In Python neo4j.Result.to_df() slow conversion to pandas df (for very small result)

Hi all,

I am interfacing with my Neo4j DBMS from Python using the GraphDatabase driver.

I am running a cypher running personalized page rank on a graph projection and returning a single value. This occurs fast enough (~0.8s for a graph with about 12k nodes and 200k edges).

Somehow, converting to a panda data frame, this takes ~70s. (Neo4j v 5.23.0)

This is my code snippet:

import neo4j
from neo4j import GraphDatabase

driver = GraphDatabase.driver(NEO4J_URI, auth=(NEO4J_USERNAME, NEO4J_PASSWORD))
n4j = driver.session(database=NEO4J_DATABASE)

cypher_1 = """
MATCH (g:Gene{name:$excluded_source})
RETURN id(g) AS excluded_source_id
"""

cypher_2 = """
MATCH (crc_genes:Gene{source:'TCGA'}) WHERE crc_genes.name <> $excluded_source
WITH crc_genes
CALL gds.pageRank.stream($graph_proj_name, {
dampingFactor: 0.85,
maxIterations: 20,
sourceNodes: [id(crc_genes)]
}) YIELD nodeId, score
WHERE nodeId = $excluded_source_id
WITH gds.util.asNode(nodeId) AS node, SUM(score) AS score
RETURN COALESCE(node.name, node.ENSP) AS gene_identifier, score
"""

# Cypher returning node ID of gene of interest
result_1 = n4j.run(cypher_1, excluded_source = EXCLUDED_SOURCE, graph_proj_name = PROJECTION_NAME_1)

excl_source_id = neo4j.Result.to_df(result_1)

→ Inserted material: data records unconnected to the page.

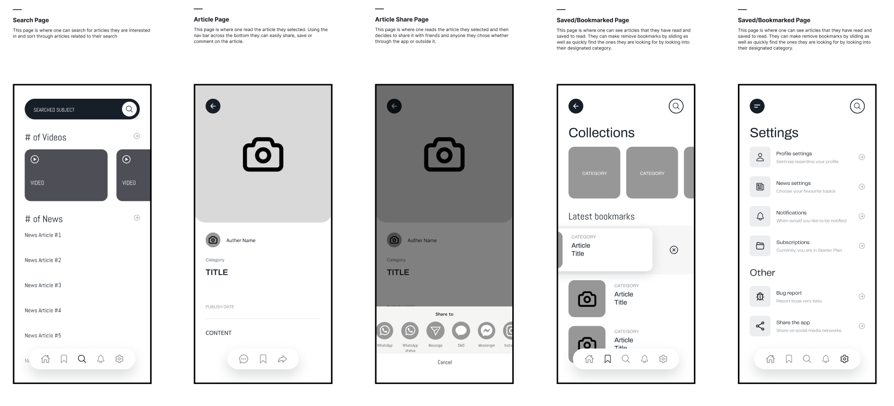 Wireframes were created in Figma to map out the app’s layout and user experience. The focus was on building a clear and simple structure, prioritizing easy navigation and content readability. Key screens such as the home feed, article page, and search were designed in low-fidelity first, allowing for quick adjustments before moving into the final design.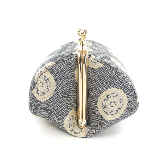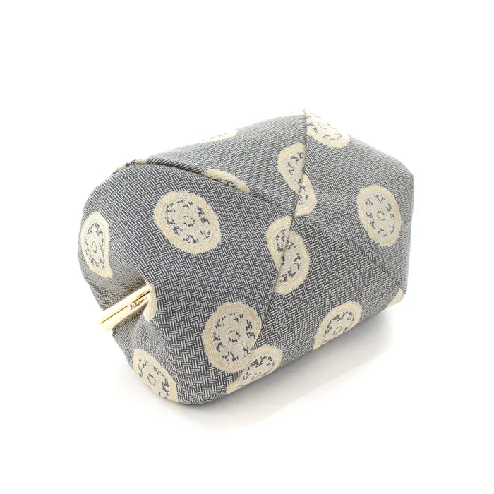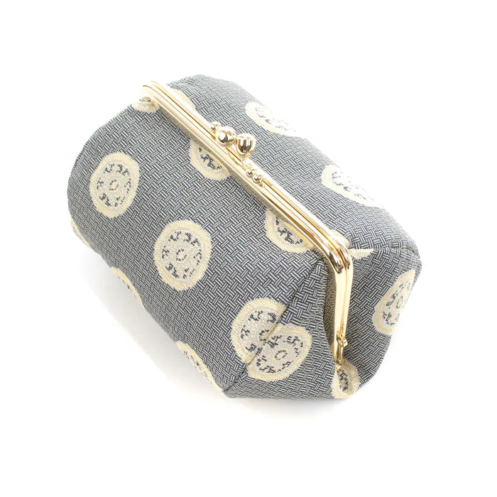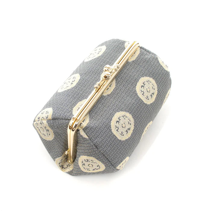 Nishijin-ori Small Pouch - Wheel-shaped Treasure / Gray -, Made in Kyoto, Japan, Cosmetic Pouch, Makeup Pouch, Japanese Gamaguchi Pouch, Travel Toiletry Pouch, Stationery Pouch, Bag organizer, Bag in Bag
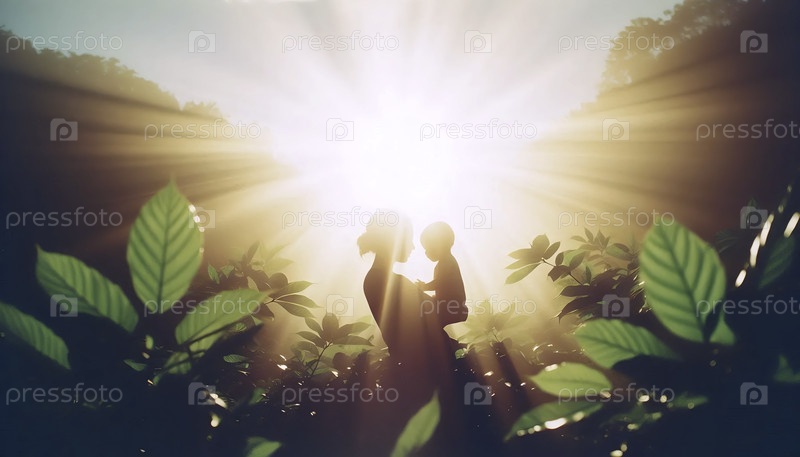 Родитель держит маленького ребенка, чтобы он прикоснулся к листьям большого дерева в парке, освещенном солнцем, Ай создал изображение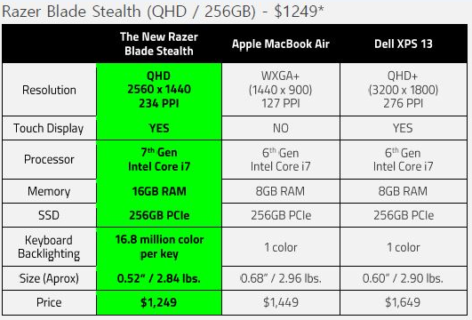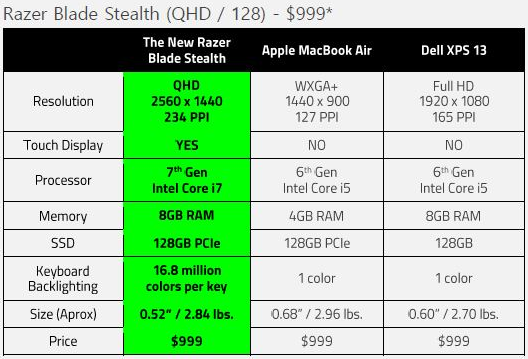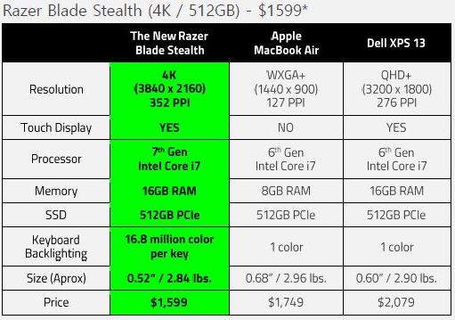 Above are charts provided by Razer showing three configurations for the Razer Blade Stealth. It's actually available in five different configurations in all. The least expensive version of the notebook with 4K display is in the gallery above, as are the two least expensive versions with WXGA+ (1440 x 900 pixel).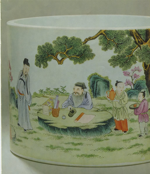 この小盤は琺瑯(洋彩)であるが、銘は金彩で「大清乾隆年製」とあり、他の「雍正年製」「乾隆年製」という料釉とも異なるので、一応粉彩としておく。小品ながら五彩で美しい蔬菜をかき、裏側は朱彩とし、その上に金彩で氷裂梅花をかいた豪華な作である。机上に置く飾り皿として作られたものてあろう。出所:「清の官窯」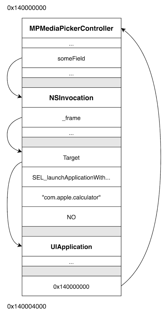 The final heap spray layout then looks roughly as depicted below. The heap spray must now be a bit bigger because the previously used address 0x110000000, which will now also be used as the size argument to calloc, will not cause calloc to fail on newer devices, so a higher address such as 0x140000000 is necessary. Note also that the call to ‘setMediaPickerController’ in the dealloc implementation can simply be survived by setting someOtherField to zero, in which case objc_msgSend generally becomes a nop. NSInvocation objects are made up of a “frame”, a pointer to a buffer containing the arguments for the call, as well as storage for the return value and a reference to a NSMethodSignature object containing information about the number and type of the arguments. The latter two fields are omitted in the diagram for brieviety.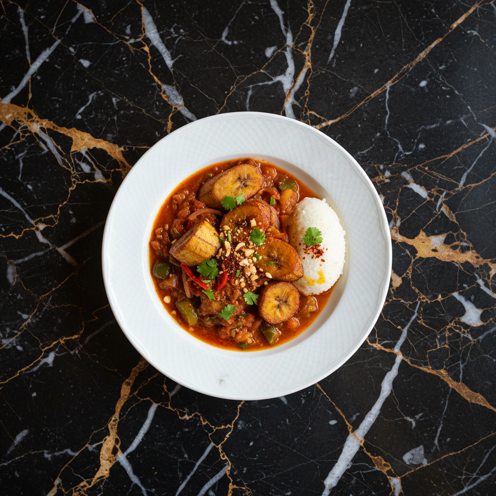 A flavorful and hearty stew made with ripe plantains, tomatoes, onions, and spices, often served with rice or fufu. This dish highlights the versatility of plantains in Ghanaian cuisine.

EXCLUDED_SOURCE_ID = excl_source_id.loc[0, "excluded_source_id"]

# Cypher calculating personalized page rank
result_2 = n4j.run(cypher_2, excluded_source = EXCLUDED_SOURCE, graph_proj_name = PROJECTION_NAME_1)

# Line that takes over a minute to run!
df = neo4j.Result.to_df(result_2)

The output looks something like this:

print(df)
 gene_identifier     score
 0           APC  0.093877

In the past (a different graph), this has taken fractions of a second:
Neo4j v 5.21.0 and a smaller graph - 1.3k nodes and 19k edges.
Edit: With the smaller graph, the line also runs quickly in v 5.23.0.

Why is it taking so long? I have tried returning just the score as a float; I also tried filtering before RETURN within the cypher, as you see in the code, but this changes nothing.

Any help is appreciated.

The difference between the operations performed on the two graphs (slow and fast at converting to df) was not only in size but more importantly the number of sources I used for personalized page rank.

In the end this made the algorithm slower. What is still unclear is why only upon execution of neo4j.Return.to_df() is this observed. My guess is that n4j.run(cypher) does not run but queue the command to be run?